The Pine Leaf Boys played at the Rosendale Cafe back in June of last year, and I attended that show as well, although the line-up has changed somewhat since then. Blake Miller and Cedric Watson no longer play with the band. Courtney Granger and Thomas David took their places, joining Wilson Savoy, Jon Bertrand, and Drew Simon. On Thursday, the band got to the cafe a half hour before the start of the show, having just flown in from Louisiana, and sat down to do their sound check. There was a laid back feeling in the cafe, and the Pine Leaf Boys truly bring a part of where they’re from with them wherever they go, uncontrollably so. Where they’re from is who they are, and that’s a wonderful thing. It seems they would be comfortable playing just about anywhere, and they transform wherever they do play into a fun filled Louisiana dance party. The Pine Leaf Boys’ spirits and playing radiate a certain charm, and the only expression I’ve ever seen on any of the band members faces is a half lopsided grin. They were perfectly at ease playing inches away from the dancers who filled the room (and in some cases, it was less than inches that separated them… Poor guys, on more than one occasion someone stepped on their toes as they were two-stepping past). The musicians were equally at ease switching instruments with one another, which they did multiple time throughout the concert.

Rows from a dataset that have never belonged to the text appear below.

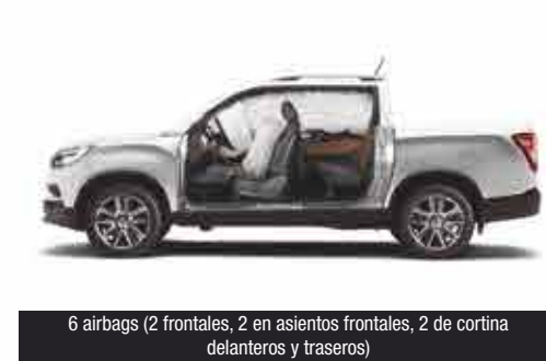
6 airbags (2 frontales, 2 en asientos frontales, 2 de cortina delanteros y traseros)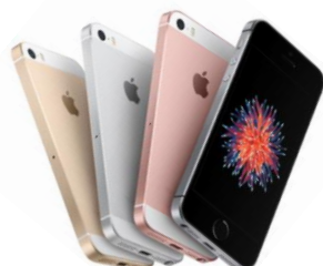
iPhone SE 32 GB Standard-Preis: 8,32€ 15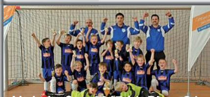
Altrhein-Cup 2017 / 1. Platz G1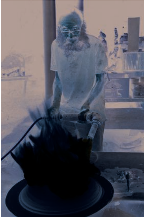
Céramiste en train de sécher une pièce en grés tournée à feu direct (cl. Angela Jiménez, 2014)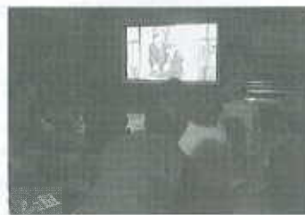
【ふれ愛シネマ事業】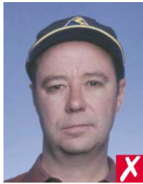
кепка на голове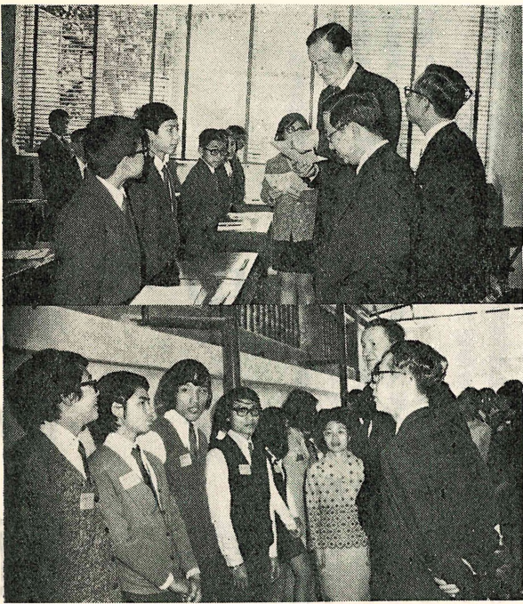
上圖：港督蒞臨訪問 下圖：督憲與專大代表交談

牆、掃地、升旗、插花、佈置椅檯、巧製食品……跑上跑下，好不熱鬧。十一時四十五分，督憲座駕車抵達堅尼地，由校監和校長陪同，對本校弘揚學術，發揚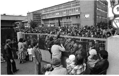
Rodziny strajkujących górników przy ogrodzeniu kopalni „Manifest Lipcowy”, Jastrzębie Zdrój, wrzesień 1980 r.

Komuniści próbowali poddać pismo rozmaitej kontroli, w tym oficjalnej cenzurze. Już w listopadzie 1980 r. analizą treści biuletynu zajął się specjalny zespół złożony z przedstawicieli Komitetu Wojewódzkiego partii, Komendy Wojewódzkiej MO, katowickiej Delegatury Głównego Urzędu Kontroli Prasy Publikacji i Widowisk oraz prokuratury. Wyniki prac zespołu zaprezentowano w grudniu 1980 r. na posiedzeniu sekretariatu KW PZPR w Katowicach. Według tych ustaleń biuletyn cechował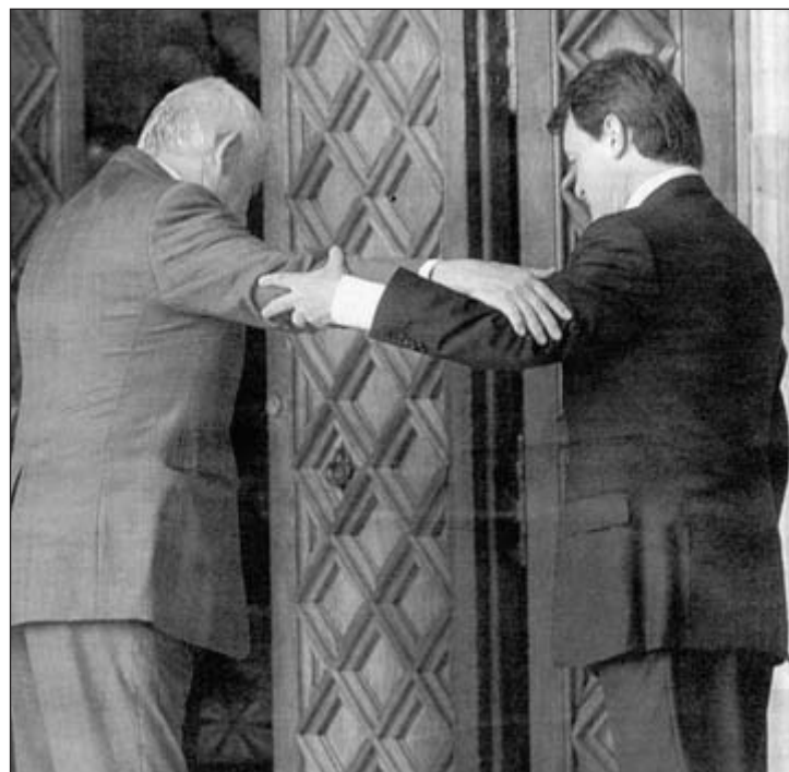
Le Président Maragall invite à entrer Artur Mas, leader de CiU

Les autonomistes de CiU qui appellent eux aussi à voter oui, offrent leur soutien parlementaire à l'exécutif so-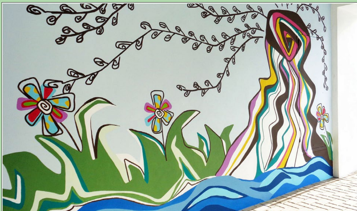
Na stěnách průchodu v Domě služeb máme nyní obrazové vyjádření názvů dvou ulic. Na snímku je „Podvrbí“, na protější stěně bude „Žabělec“ (tak se dodnes říká konci ulice Dvorské). Autorkou výtvarného návrhu je paní Martina Dražná, zhotovil Marek Navrátil (Maryska).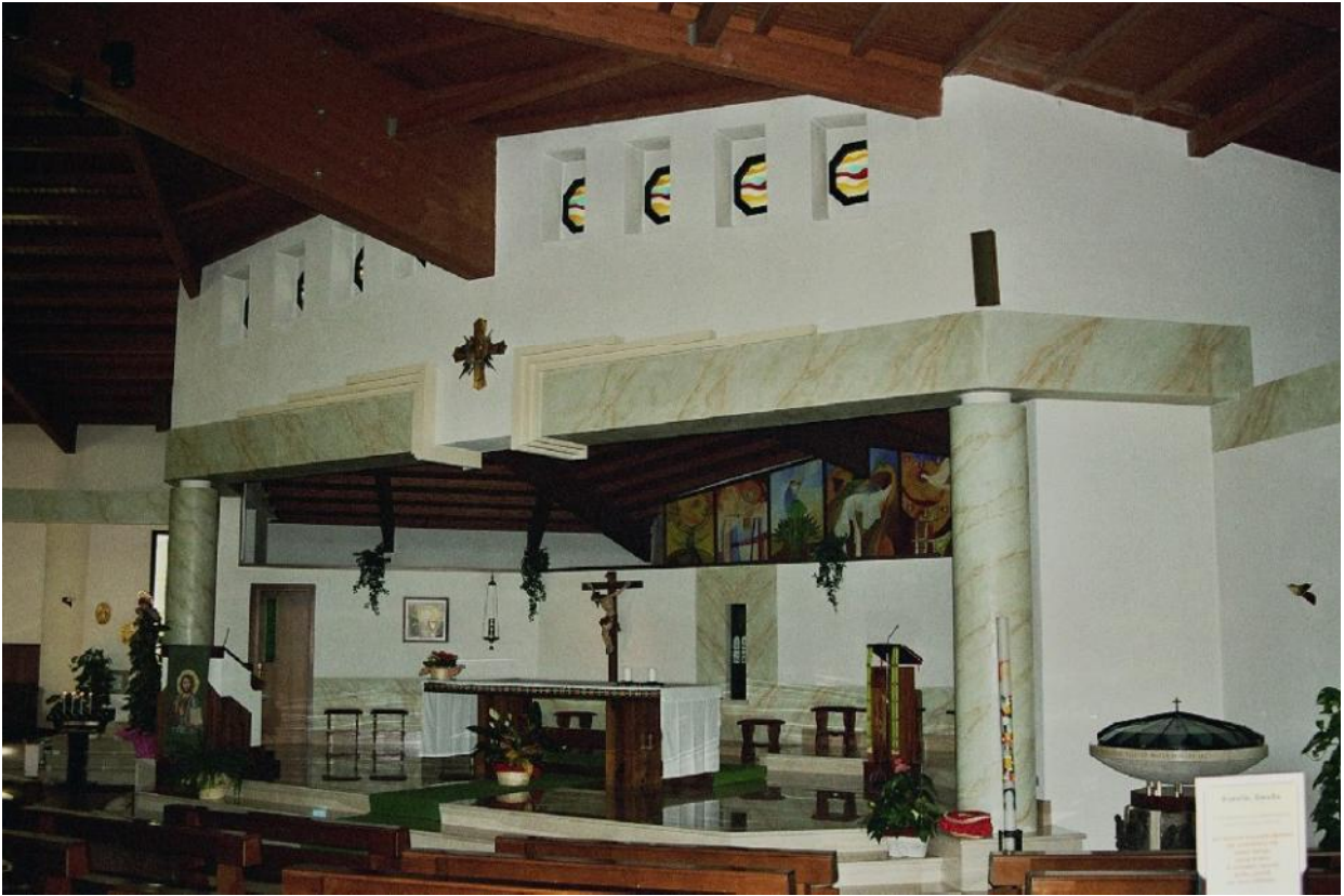
L'altare maggiore decorato a stucco con la tecnica del "finto marmo".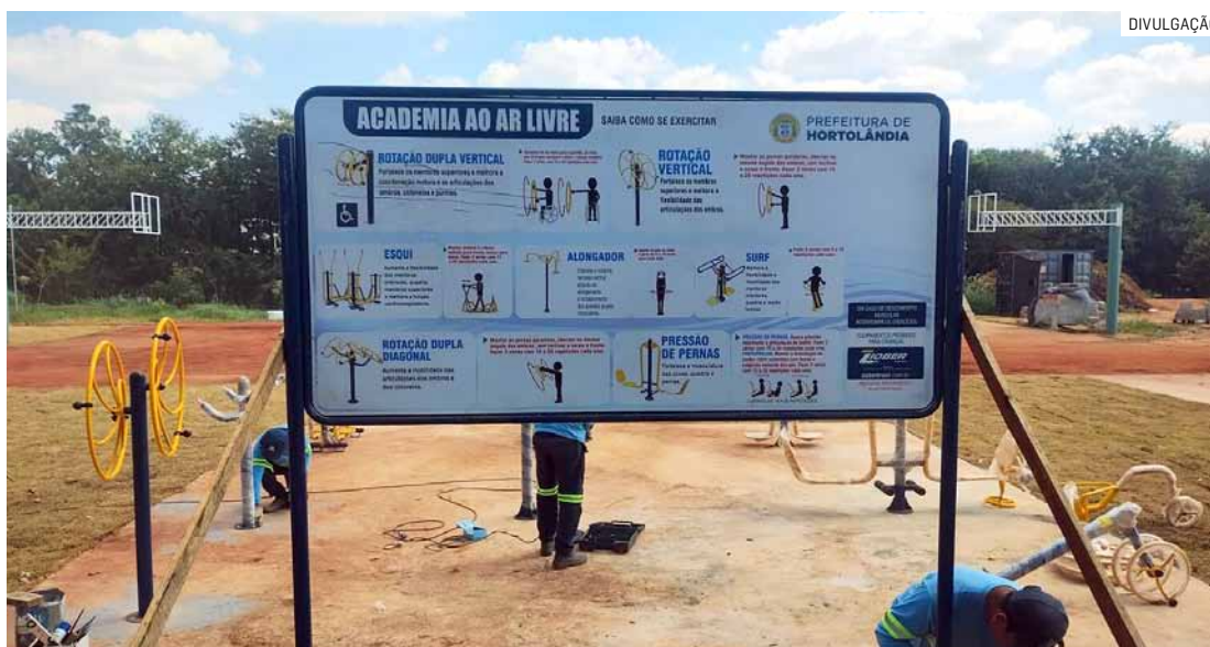
Serviço faz parte da estruturação do novo complexo público esportivo no parque socioambiental

As obras avançam no entorno do Campo da Mina, no Jardim Amanda, com a implantação de uma academia ao ar livre realizada pela Prefeitura de Hortolândia. Além disso, acontece o plantio de grama e ações de zeladoria no espaço que será uma área de convivência e faz parte do novo complexo público esportivo do bairro dentro do parque socioambiental. Além do campo de grama natu-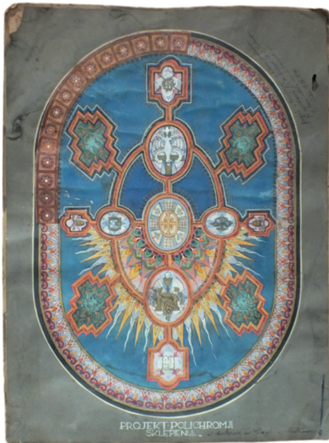
Projet de polychromies sur la voûte du presbytère de 1924.

On doit cependant croire que les travaux de restauration suivent leur cours puisqu'en 1608 on reconstruit l'église, la chapelle Saint-Stanislas et l'un des autels. L'église revêt une nouvelle forme architecturale après 1623 grâce, comme on le croit, à un bâtisseur de Lublin, Jan Cangerle. On lui attribue aussi l'oeuvre de faire recouvrir le presbytère d'une coupole sur un plan oval et de l'orner avec des stucatures.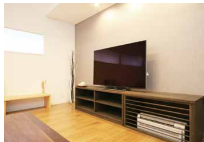
空調は床下エアコンを採用し、室内全体を暖めます。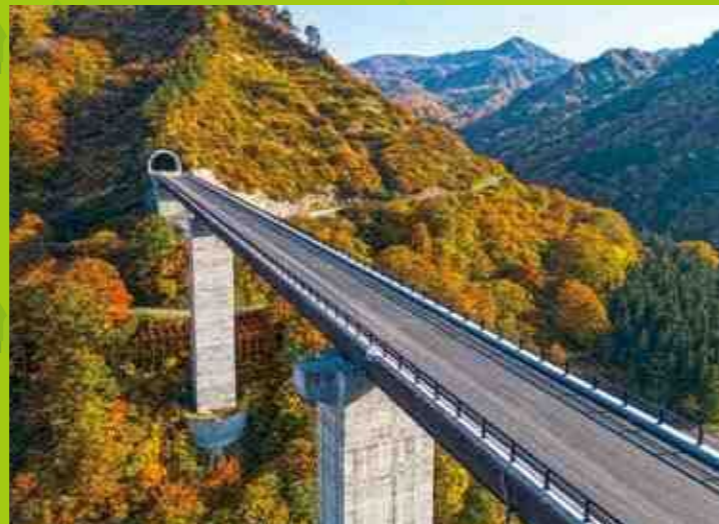
八十里越天空大橋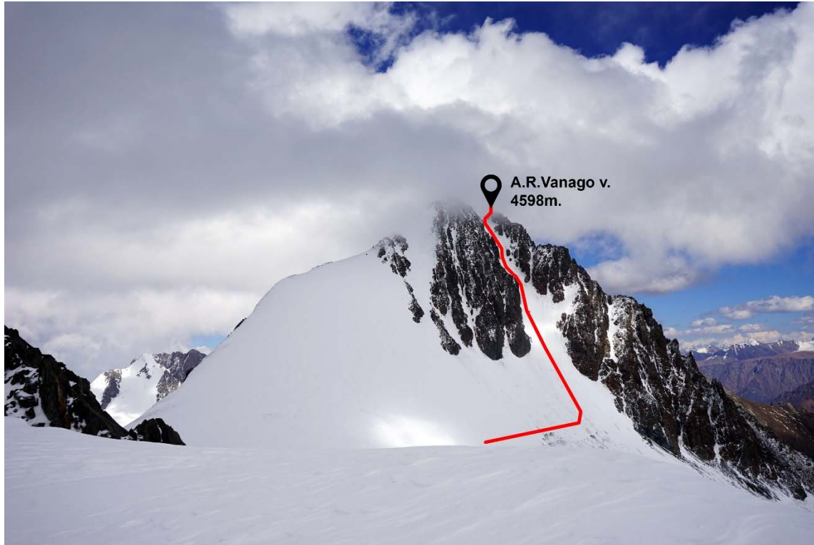
A.R. Vanago kopimo schema (vaizdas nuo Nemuno v.)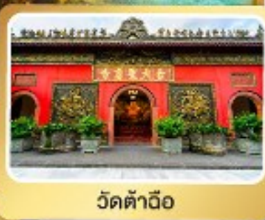
วัดต้าอื่อ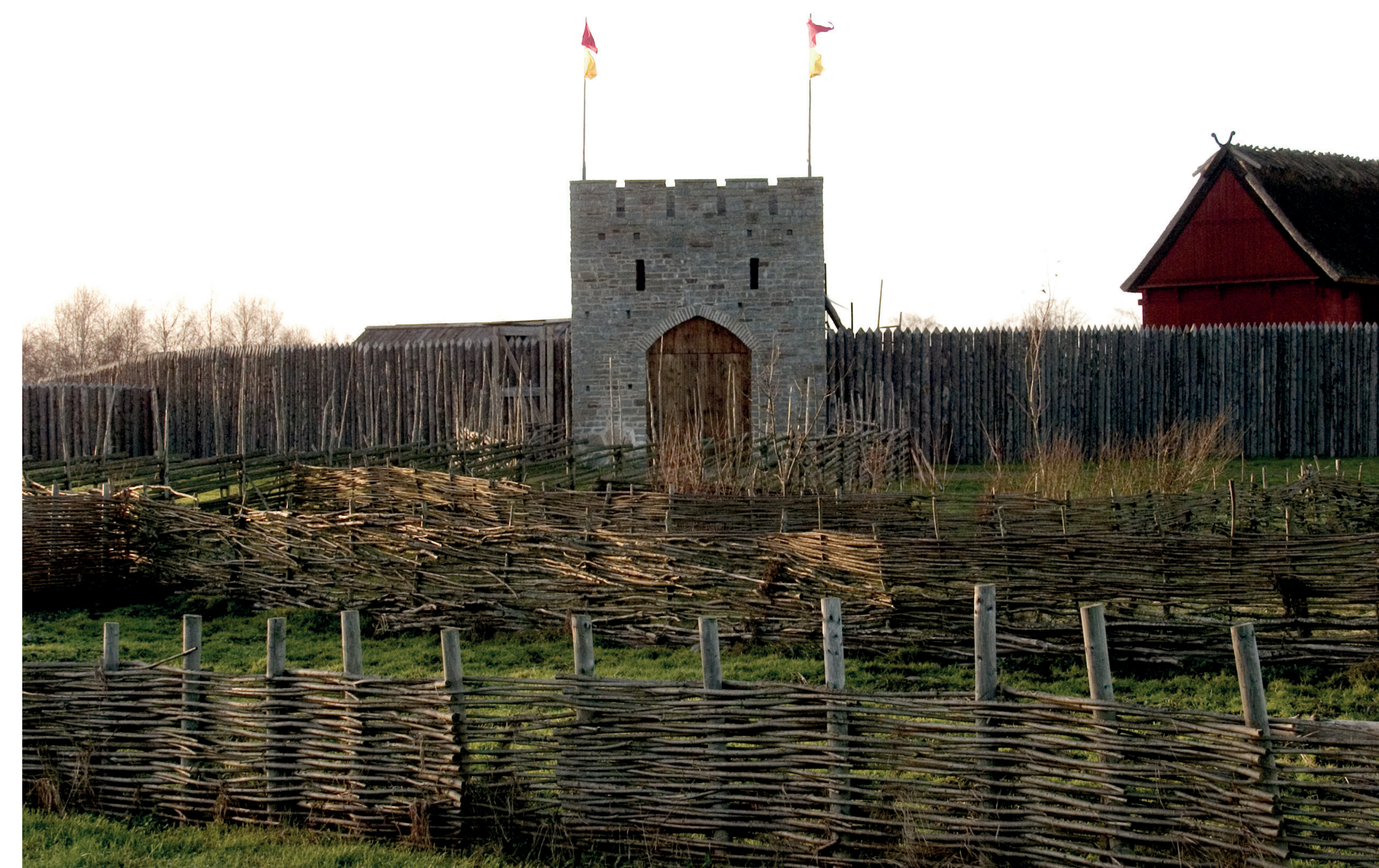
Salvestaden år 1997.

Tvärs genom området skär en uppbyggd banvall, som tydligt visar var järnvägen mellan Kalmar och Torsås gick. Bygget av banan började i december 1897. Redan efter 1 ½ år var man klar, och banan öppnades för trafik den 8 augusti 1899. Från Kalmar byggdes det med samma spårvidd som Kalmar-Berga Järnväg. Söder om Torsås valde man en annan spårvidd. Detta innebar att alla tågsvagnar med varor måste lastas av och lastas om till andra vagnar i Torsås. Statens Järnvägar (SJ) tog över driften 1940, men lade ner den på 1960-talet. Förutom banvallen finns en ursprunglig järnvägsbro över Törnebybäcken. En annan järnvägsbro uppe vid gården togs bort och byggdes om till en backe, som idag är en del av cykelvägen.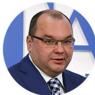
СЕРГЕЙ МИХАЙЛОВ ГЕНЕРАЛЬНЫЙ ДИРЕКТОР ФЕДЕРАЛЬНОГО ГОСУДАРСТВЕННОГО УНИТАРНОГО ПРЕДПРИЯТИЯ «ИНФОРМАЦИОННОЕ ТЕЛЕГРАФНОЕ АГЕНТСТВО РОССИИ (ИТАР-ТАСС)»

Keeping in traditional Cajun fashion, the Pine Leaf Boys played a waltz after every two-step, except for their last song. They ended the night with a tune called “The Pine Leaf Boys Two-Step.” It started out mostly a cappella, except for bass which kept the beat. The crowd clapped, stomped, and whooped in enthusiasm, and when the musicians finally broke into the song itself, it was so exciting! The whole band sang, with a sort of call and response taking place between Wilson and the others. A perfect end to a perfect evening. Who says perfection doesn’t exist? I’ve found it, in the Pine Leaf Boys’ music. You can have technical ability, but if you ain’t got the heart, the music won’t be the same. Likewise, even if you have the music in your heart and blood, if you don’t put the effort into it, you won’t get the results. The Pine Leaf Boys have it all. We’re still in February? Well, I’m warmed through still spring, thanks to those guys.

Videos of them playing:

Blues de Bosco

Mansion On The Hill (a Hank Williams tune)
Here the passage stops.